Cole was already up when I made it down to breakfast, along with a handful of the other performers. He gave me a nod as I headed to the coffee pot and poured me a cup.
“Morning,” I mumbled, joining him.
“Here I would have thought you’d be in high spirits, after how well last night went,” Cole said.
I took a long sip, letting the hot liquid wake me up a little before responding, “Yeah, it was great in the end. But man, the rest of the day was stressful. I really thought I was going to have to go it alone up there.”
Cole shook his head, grinning at me. “Are you kidding me? You’ve been at the top both nights running. I’m pretty sure you could go up on that stage alone and still blow the roof off.”
“Unless they decide I didn’t follow the rules and send me home. Besides, I got lucky last night. You saw Vince go down, and he killed it night one. Had it been me and Amanda, I would have gone home. Them finding Linda to play with me changed everything.”
“I still think you would have come out first even if it had been with Amanda.”
“I appreciate the vote of confidence,” I said. “And hey, you were great last night too. You and Marissa really sounded good together.”
“Talk about someone carrying someone. Marrissa is amazing and did most of the heavy lifting. Plus, we have similar sounds, so it was easy for us to work together. I’m mostly just glad I didn’t end up on the bottom again.”
“Don’t talk like that. You’re a good singer,” I said.

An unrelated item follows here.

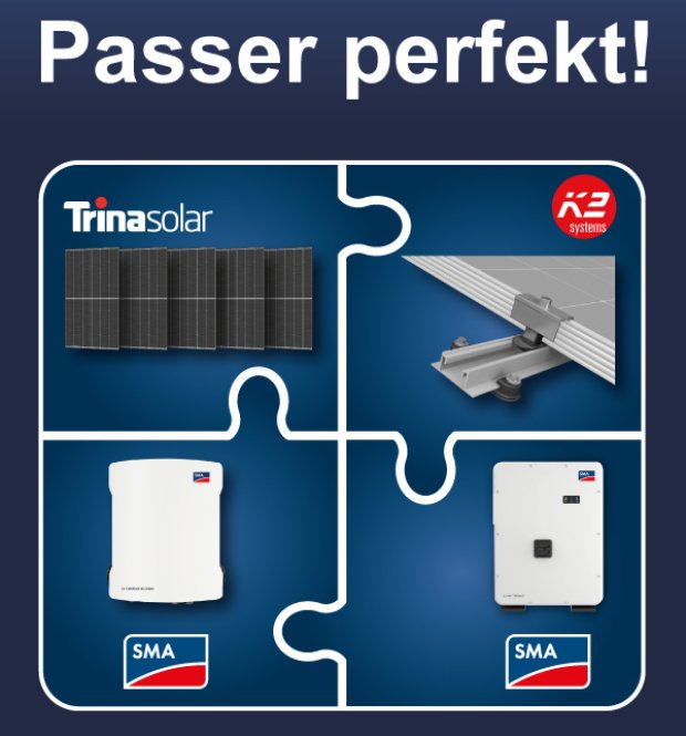 Trina Solar er en global udbyder af integrerede solcelleløsninger. Virksomheden blev grundlagt i 1997 og er nu aktiv i mere end 100 lande og regioner. Trina Solar udvikler solcellepaneler, batterisystemer, intelligente system- og operatørløsninger og tilbyder sine kunder skræddersyede koncepter til systemintegrationen. Solcellemodulet Vertex S+ NEG9R.28 med avanceret N-type celleteknologi er pga. dobbeltglas særligt stabilt og holdbart. Med op til 450 Wp har dette panel et stort output på trods af små dimensioner. Producenten giver 25 års produktgaranti og 30 års effektgaranti på modulet.

“I appreciate it, and I’m not saying I’m bad, but we both saw what happened night one. I haven’t spent enough time on stage and who knows what the next competition is going to be. Honestly, I don’t think I’m going to make it much further.”
“Don’t talk like that, man. You’ve got real talent and you proved it last night. Don’t sell yourself short.”
“I appreciate what you’re trying to do man, but I’m just being realistic here. I got in over my head coming on this show. There are people here with way more experience than me...people like you. I don’t have the skills or training to keep up.”
“Look, even if you do end up being sent home, you can’t go down without a fight,” I said. “Make each performance your best, leave everything you’ve got out on that stage. That way, even if you do have to go home, you’ll leave a lasting impression. Everyone has to put in their stage time when they’re starting, and this is a hell of a stage to do it on. After this, everywhere else will seem easy.”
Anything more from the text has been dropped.